[Problem statement]
Could you output each line below exactly as it appears, excluding any pictures?

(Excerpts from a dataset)
□ □ □

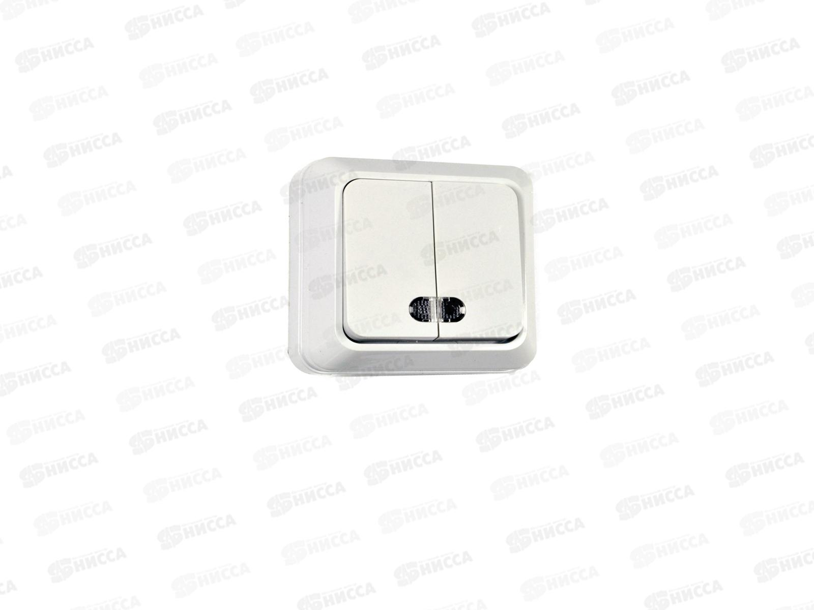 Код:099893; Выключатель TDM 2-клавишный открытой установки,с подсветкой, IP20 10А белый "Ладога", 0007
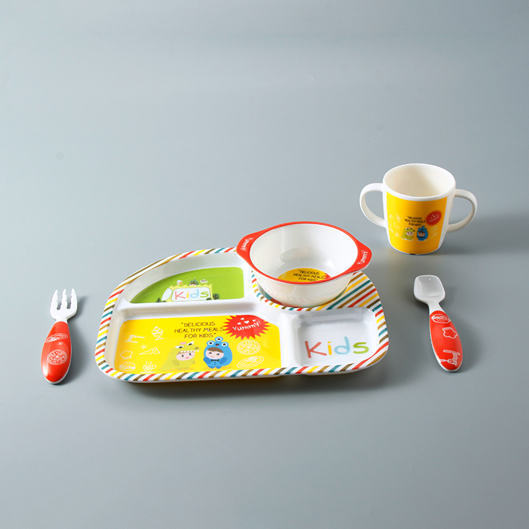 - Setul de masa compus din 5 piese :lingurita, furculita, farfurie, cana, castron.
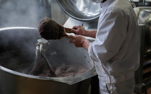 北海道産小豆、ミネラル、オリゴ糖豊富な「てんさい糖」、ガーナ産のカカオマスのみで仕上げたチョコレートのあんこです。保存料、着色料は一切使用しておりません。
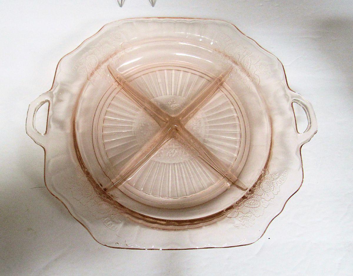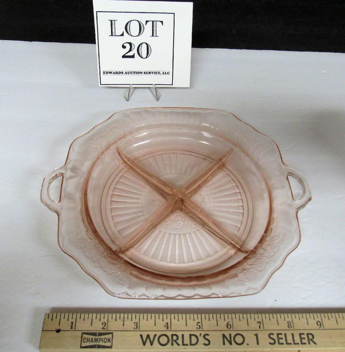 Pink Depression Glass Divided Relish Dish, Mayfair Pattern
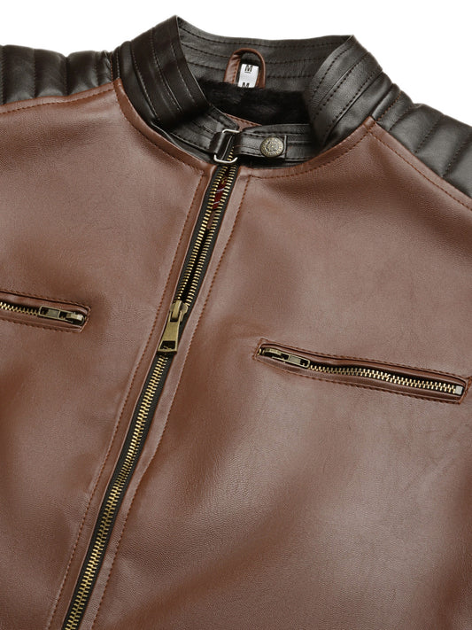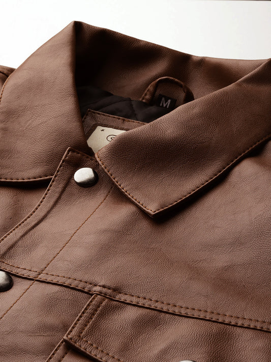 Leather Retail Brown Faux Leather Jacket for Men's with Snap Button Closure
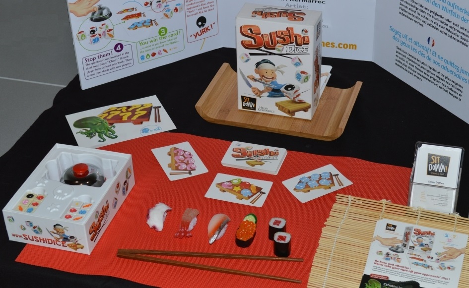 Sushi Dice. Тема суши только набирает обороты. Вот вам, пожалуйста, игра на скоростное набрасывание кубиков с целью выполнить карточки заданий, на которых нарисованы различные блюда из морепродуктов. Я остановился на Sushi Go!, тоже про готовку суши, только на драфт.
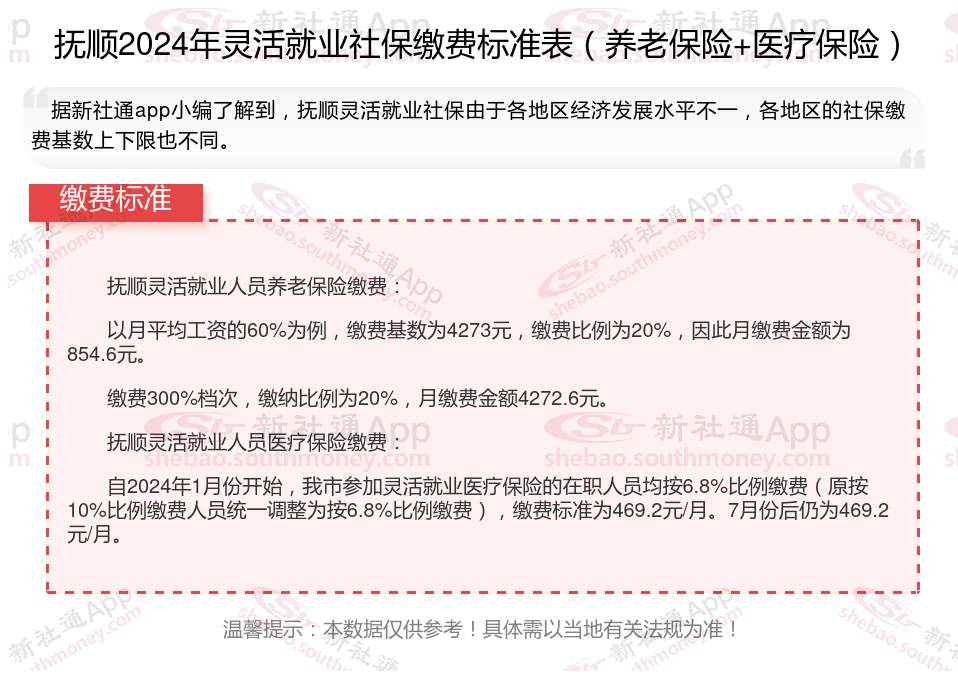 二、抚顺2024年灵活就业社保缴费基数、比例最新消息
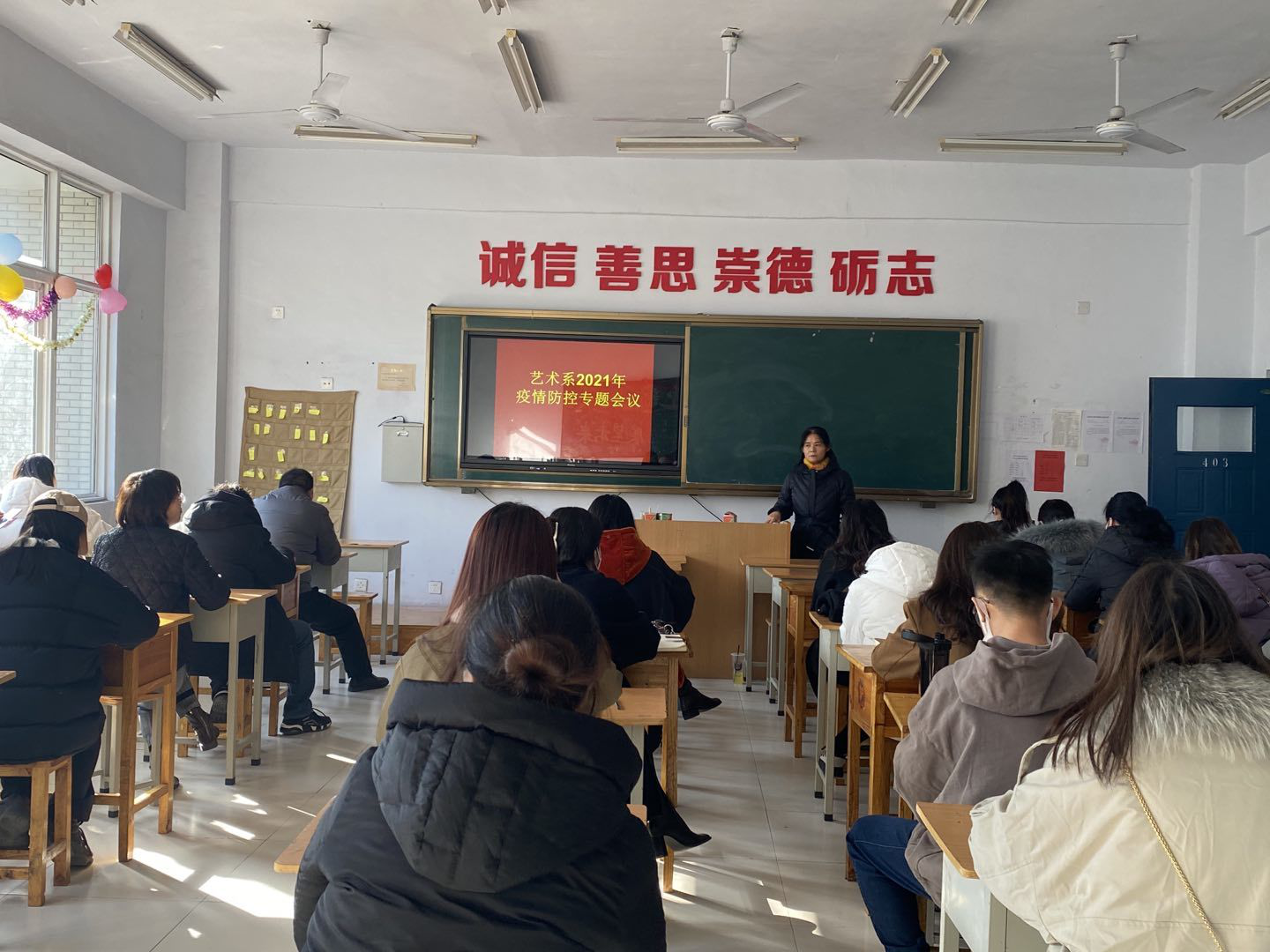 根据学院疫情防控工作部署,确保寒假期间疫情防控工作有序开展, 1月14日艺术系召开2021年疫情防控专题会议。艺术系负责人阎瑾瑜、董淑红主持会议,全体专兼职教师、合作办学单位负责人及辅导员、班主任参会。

□ □ □

[Output]
 Код:099893; Выключатель TDM 2-клавишный открытой установки,с подсветкой, IP20 10А белый "Ладога", 0007
 - Setul de masa compus din 5 piese :lingurita, furculita, farfurie, cana, castron.
 北海道産小豆、ミネラル、オリゴ糖豊富な「てんさい糖」、ガーナ産のカカオマスのみで仕上げたチョコレートのあんこです。保存料、着色料は一切使用しておりません。
 Pink Depression Glass Divided Relish Dish, Mayfair Pattern
 Leather Retail Brown Faux Leather Jacket for Men's with Snap Button Closure
 Sushi Dice. Тема суши только набирает обороты. Вот вам, пожалуйста, игра на скоростное набрасывание кубиков с целью выполнить карточки заданий, на которых нарисованы различные блюда из морепродуктов. Я остановился на Sushi Go!, тоже про готовку суши, только на драфт.
 二、抚顺2024年灵活就业社保缴费基数、比例最新消息
 根据学院疫情防控工作部署,确保寒假期间疫情防控工作有序开展, 1月14日艺术系召开2021年疫情防控专题会议。艺术系负责人阎瑾瑜、董淑红主持会议,全体专兼职教师、合作办学单位负责人及辅导员、班主任参会。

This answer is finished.